Expresión de la nucleoproteína y hemoglutinina del virus del sarampión en células de insecto

BELIZAN ALEJANDRA; SOBREVALS LUCIANO; ARGUELLES MARCELO; PERALTA ANDREA; ROTA R; RABINOVITZ B; TABOGA OSCAR; GLIKMAN GRACIELA

Buenos Aires

Congreso; VIII Congreso Argentino de Virología; 2005

Sociedad Argentina de Virología

EL virus del sarampión (MV) es un patógeno ubicuo perteneciente a la familia Paramixoviridae y aunque actualmente está desapareciendo en los países desarrollados debido a eficientes programas de vacunación, todavía es muy común en países en vías de desarrollo. La infección por MV es una de las mayores causas de morbilidad y mortalidad en la infancia a escala global, fundamentalmente porque en el curso de la misma se produce una inmunosupresión transitoria. La nucleoproteína y la hemoaglutinina son las proteína de mayor importancia diagnóstica: a)la nucleoproteína (N) es la proteína más inmunogénica y los anticuerpos anti-N representan un marcador inequívoco de seropositividad; b) la hemoaglutinina (H) es una glicoproteína qeu induce anticuerpos neutralizantes de la infección, además de estar involucrada en la interacción con el receptor celular CD46. Para la optimización de los métodos de diagnóstico serológico, es necesario obtener proteínas N y H en un sistema en el cual dichas proteínas posean un plegamiento similar al nativo.
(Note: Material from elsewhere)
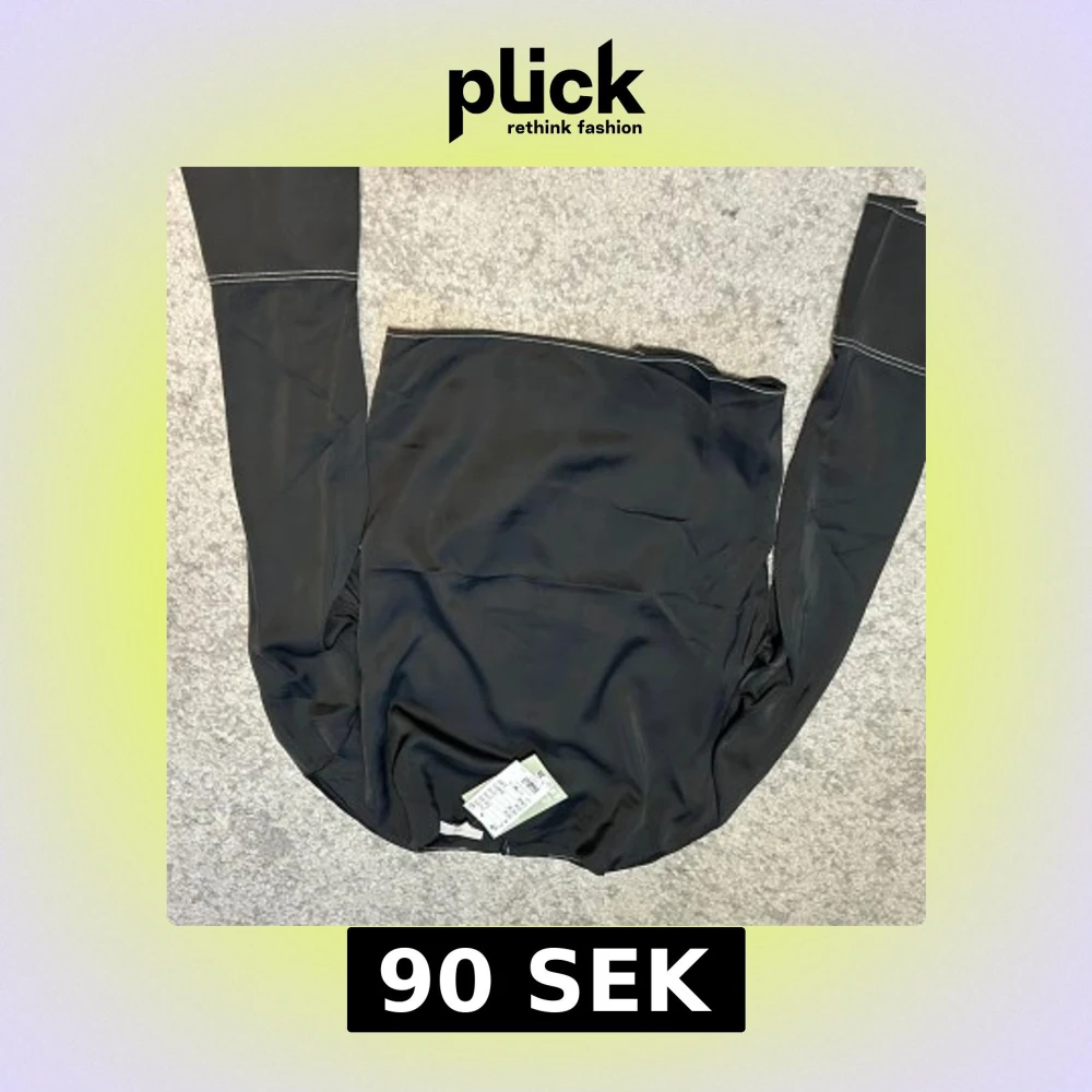 Säljer en svart långärmad topp från H&M med vit kontrastsöm längs ärmar och hals. Toppen har en enkel och stilren design, perfekt att matcha med olika outfits. Materialet känns mjukt och stretchigt.

EL sistema de baculovirus recombinantes es ampliamente utilizado para la expresión de proteína heterólogas en cultivo de células de insecto, debido a que ne la mayoría de los casos, las proteínas recombinates son procesadas, modificadas y dirigidas a sus loacalizaciones celulares apropiadas. Tanto el gen de la proteína N como el de la proteína H fueron amplificados mediante RT-PCR utilizando primers específicos para cada gen, y clonados en el plásmido donor pFastBac. Este plásmido se empleó para transformar células competentes DH10Bac, para la obtención de bácmidos recombinantes, los cuales se utilizaron para transfectar celúlas Sf9. Luego se seleccionaron los clone spositivos y se evaluó el nivel de expresión de cada uno mediante Western blot y ELISA. Conclusión: El sistema basado en baculovirus permitió obtener niveles apropiados de expresión de las proteínas virales. Utilizando anticuerpos policlonales obtenidos por inmunización con la partícula viral completa, en un ensayo de ELISA de captura se pudieron detectar las proteínas recombinantes. Por otro lado, dichas proteínas fueron detectadas por sueros de pacientes en etapa convalesciente y por suero de individuos vacunados. Estos resultados sugieren que los epitopes de reconocimiento son similares a los de las proteínas nativas.